## WHAT YOU SHOULD DO
What is needed is a word-for-word copy of all the entries, minus the pictures.

+ + + + + + +

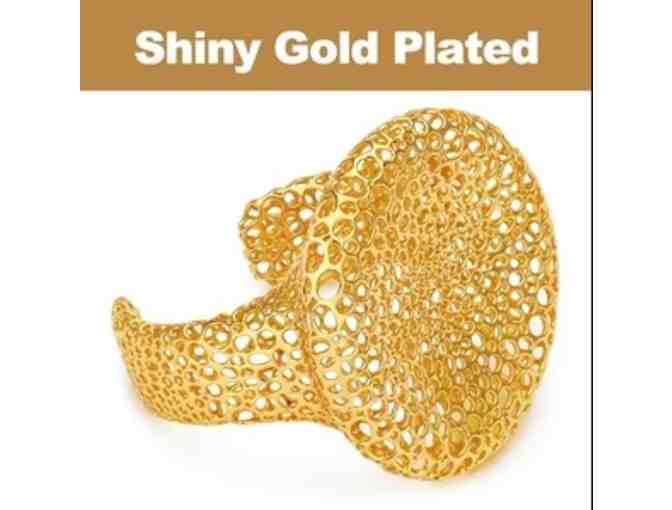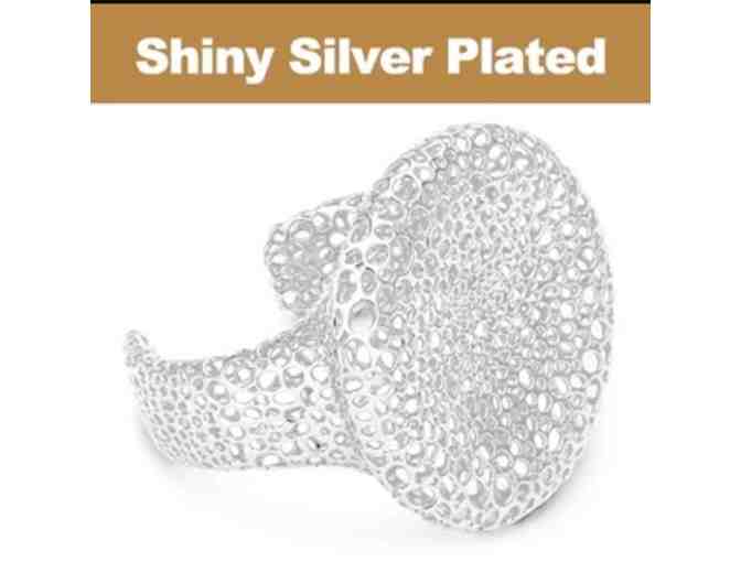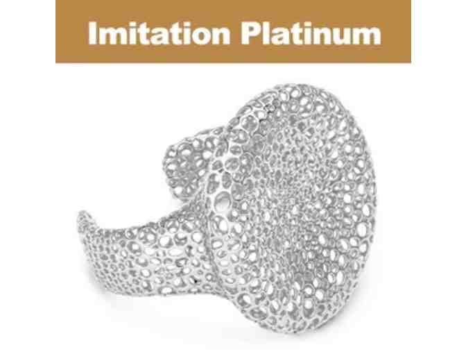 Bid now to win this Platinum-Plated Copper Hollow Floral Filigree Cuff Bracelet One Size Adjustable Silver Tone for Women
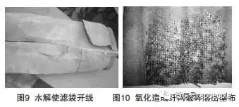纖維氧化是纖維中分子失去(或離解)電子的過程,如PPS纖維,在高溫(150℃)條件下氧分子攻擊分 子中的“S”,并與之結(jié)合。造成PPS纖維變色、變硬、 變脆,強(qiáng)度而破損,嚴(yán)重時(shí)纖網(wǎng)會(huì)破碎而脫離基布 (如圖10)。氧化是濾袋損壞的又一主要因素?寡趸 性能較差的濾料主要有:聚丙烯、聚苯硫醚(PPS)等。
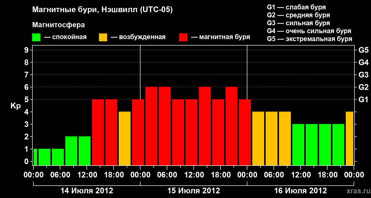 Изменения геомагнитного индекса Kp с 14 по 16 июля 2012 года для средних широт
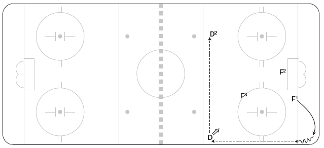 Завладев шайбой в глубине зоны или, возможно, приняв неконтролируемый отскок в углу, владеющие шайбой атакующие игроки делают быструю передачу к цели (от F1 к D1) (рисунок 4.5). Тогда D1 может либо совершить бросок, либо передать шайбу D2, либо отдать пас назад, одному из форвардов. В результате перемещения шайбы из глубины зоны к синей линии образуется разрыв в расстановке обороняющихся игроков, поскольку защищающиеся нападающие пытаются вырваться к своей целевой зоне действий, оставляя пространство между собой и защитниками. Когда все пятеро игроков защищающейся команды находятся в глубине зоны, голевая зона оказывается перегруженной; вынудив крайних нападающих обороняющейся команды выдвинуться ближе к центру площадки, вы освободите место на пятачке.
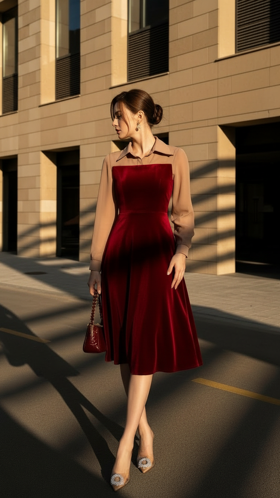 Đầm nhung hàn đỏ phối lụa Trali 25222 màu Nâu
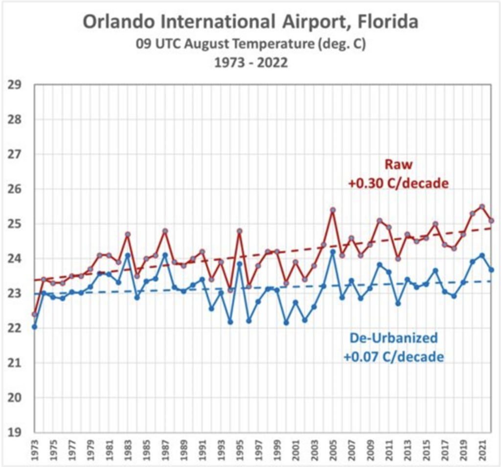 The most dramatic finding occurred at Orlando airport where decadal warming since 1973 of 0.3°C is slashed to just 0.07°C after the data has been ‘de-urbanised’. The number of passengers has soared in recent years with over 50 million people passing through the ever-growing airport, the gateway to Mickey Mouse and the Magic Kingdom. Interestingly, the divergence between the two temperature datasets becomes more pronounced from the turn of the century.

+ + + + + + +

## REPLY TO THE EXERCISE
 Bid now to win this Platinum-Plated Copper Hollow Floral Filigree Cuff Bracelet One Size Adjustable Silver Tone for Women
纖維氧化是纖維中分子失去(或離解)電子的過程,如PPS纖維,在高溫(150℃)條件下氧分子攻擊分 子中的“S”,并與之結(jié)合。造成PPS纖維變色、變硬、 變脆,強(qiáng)度而破損,嚴(yán)重時(shí)纖網(wǎng)會(huì)破碎而脫離基布 (如圖10)。氧化是濾袋損壞的又一主要因素?寡趸 性能較差的濾料主要有:聚丙烯、聚苯硫醚(PPS)等。
 Изменения геомагнитного индекса Kp с 14 по 16 июля 2012 года для средних широт
 Завладев шайбой в глубине зоны или, возможно, приняв неконтролируемый отскок в углу, владеющие шайбой атакующие игроки делают быструю передачу к цели (от F1 к D1) (рисунок 4.5). Тогда D1 может либо совершить бросок, либо передать шайбу D2, либо отдать пас назад, одному из форвардов. В результате перемещения шайбы из глубины зоны к синей линии образуется разрыв в расстановке обороняющихся игроков, поскольку защищающиеся нападающие пытаются вырваться к своей целевой зоне действий, оставляя пространство между собой и защитниками. Когда все пятеро игроков защищающейся команды находятся в глубине зоны, голевая зона оказывается перегруженной; вынудив крайних нападающих обороняющейся команды выдвинуться ближе к центру площадки, вы освободите место на пятачке.
 Đầm nhung hàn đỏ phối lụa Trali 25222 màu Nâu
 The most dramatic finding occurred at Orlando airport where decadal warming since 1973 of 0.3°C is slashed to just 0.07°C after the data has been ‘de-urbanised’. The number of passengers has soared in recent years with over 50 million people passing through the ever-growing airport, the gateway to Mickey Mouse and the Magic Kingdom. Interestingly, the divergence between the two temperature datasets becomes more pronounced from the turn of the century.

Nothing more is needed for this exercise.